In the end, this is a good list. By my quick assessment, any expected performers left off the acting rolls are reasonable omissions, and the voters put together a strong, varied Best Picture ten. I think 2025 was a strong year for movies, and the Academy did a fine job assembling what was special about it.

Other thoughts:

—Only three women have ever won the Oscar for directing. Of them, Chloé Zhao becomes the first to earn a follow-up nomination in the category. She’s also only the second woman to get a second nomination in the category. Before she won for The Power of the Dog, Jane Campion was nominated for The Piano almost thirty years earlier.

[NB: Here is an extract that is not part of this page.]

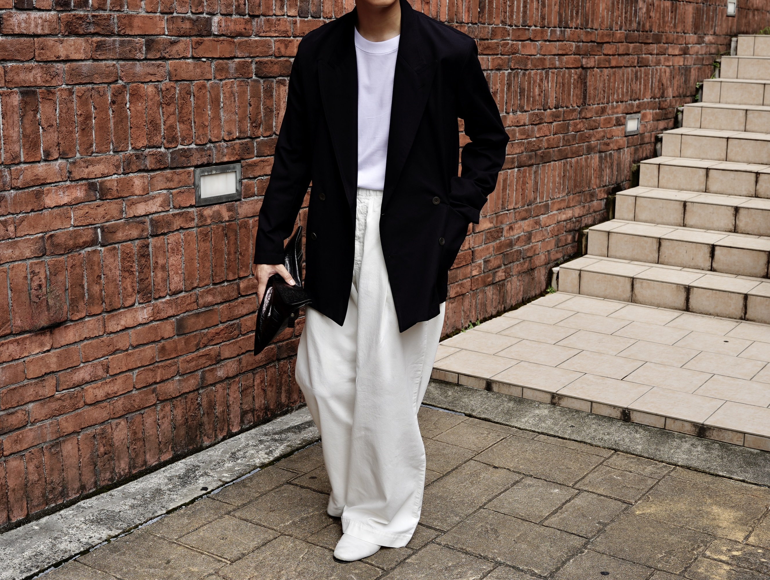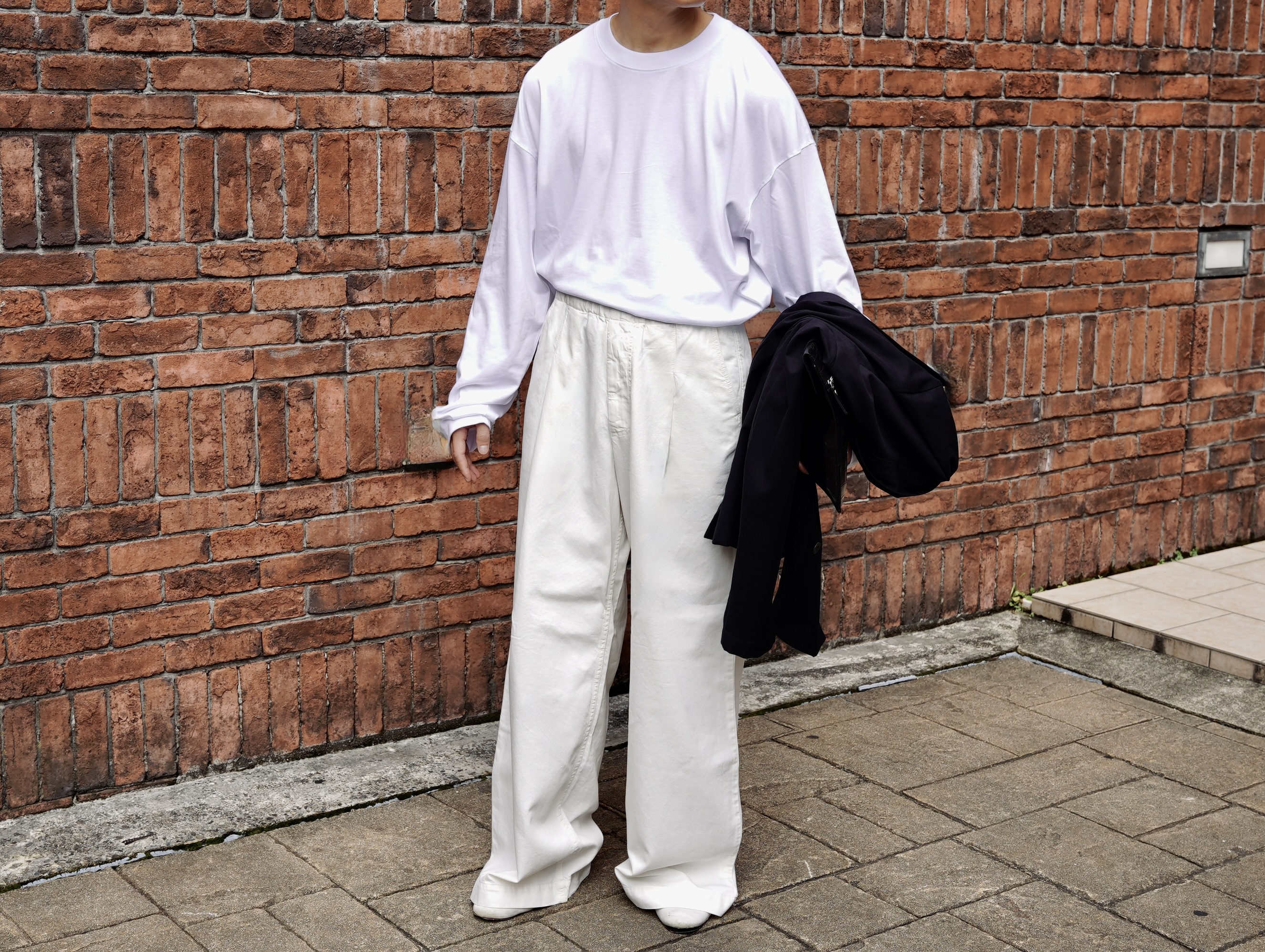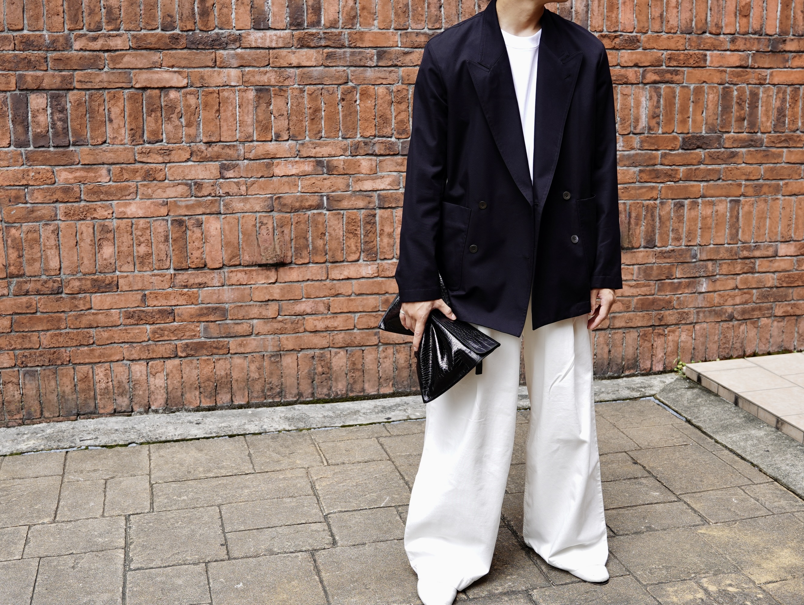 計算されたオーバーシルエット、上質な素材感などシンプルな中に拘りが見えます。

—Leonardo DiCaprio is up to his seventh acting nomination. In the lineup of Scorsese regulars, he’s now one nomination behind Robert De Niro. Meanwhile, Sean Penn collects his sixth nomination overall and first since he won Best Actor for Milk. Emma Stone reaches five nominations, three of them for movies directed by Yorgos Lanthimos.

—Paul Thomas Anderson picks up his fourth nomination for directing and sixth for writing. I still think he’s the frontrunner, but I could see the narrative switching very rapidly. If Sinners starts to feel undeniable in the top category, I don’t see how Ryan Coogler doesn’t move ahead of Anderson in the voters’ assessments. If Sinners takes Best Picture and Coogler doesn’t win in directing, it’ll be the third time in the past twelve years that such a split happened to a Black director. Steve McQueen lost to Alfonso Cuarón the year that 12 Years a Slave took Best Picture, and Barry Jenkins lost to Damien Chazelle in the infamous Moonlight ceremony. I think Anderson deserves to win and is overdue for such Academy recognition, but if Picture and Directing split that way again, it’s definitely not a good look.

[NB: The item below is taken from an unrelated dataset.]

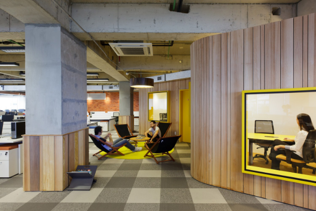 格子地板与向日葵色的搭配,用色大胆又欢快,颇有“小民式”的快乐。 “小民式”的幽默很有法式幽默范儿。小国小民的情怀培养了法国电影中渗透着的无英雄主义,幽默的灵感多来自普通人间的调侃及其生活中所遭遇的尴尬。法国的室内喜剧是完全靠对话衍生出来的,不仅是演员的面部、动作有喜剧效果,台词深入观众的心里面,而且其舞台设计用色大胆、风格浪漫,给人一种喜剧式的欢快感。 弹性地板天生就是“搞花样儿”地材。见缝插针,在工作空间搞点花样儿,张弛有度更能提高工作效率。案例中采用了一种室内剧式的装饰,休闲感的格子地板搭配艳丽的明黄色,再加上房中房的设计,“小民式”幽默的效果一下就出来了:工间休息时坐在一起侃侃天儿,即使独坐房中房,都像在演一幕室内剧。

—I’m just going to copy-paste my comment about Diane Warren from last year, adding the only relevant edits needed: Change the adage about inevitability to supplement death and taxes with a Diane Warren Oscar nomination. With today’s announcement, the songwriter is up to sixteen seventeen career nominations, and this is the eighth ninth year in a row she’s been nominated. As has been the case recently, she’s in there for a song that has no discernible cultural footprint for a film that most people, even the most dedicated movie fans, haven’t heard of. She has an honorary Academy Award but has never won in competition. She won’t this year either.

—I’m thrilled that Nick Cave is an Oscar nominee. His song “Train Dreams” slipped into the song category. Let’s get that gloomy intensity onto the Oscar stage.

—I think Teyana Taylor and Jessie Buckley are winning in the actress categories. There are spoilers lurking amongst their fellow nominees, but I think those performances are too strong and comfortably Oscar-friendly, albeit in markedly different ways. Best Actor in a Supporting Role could go so many different ways, but I think the over-performance of Sentimental Value in today’s nominations is a signal that Stellan Skarsgård is likely to win.

—Much as it feels like Timothée Chalamet has been a relentless Oscars presence in recent years, this is only his third nomination. Smart money says he wins, but I’ve long had a sneaking suspicion that the Academy is going to make him wait a little longer. The lead actor category is one of the places where I think the hefty nominations haul for Sinners is going to have an impact. In recent years, Academy voters have regularly carried over their appreciation for the Best Picture winner to the film’s prominent lead acting performance. Think Mikey Madison for Anora, Cillian Murphy for Oppenheimer, Michelle Yeoh for Everything Everywhere All at Once, and Frances McDormand for Nomadland. Now they’ve got a guy who’s so dominant in his film that he effectively plays two leading roles. I’m typing it right now: Start taking Michael B. Jordan seriously in that category.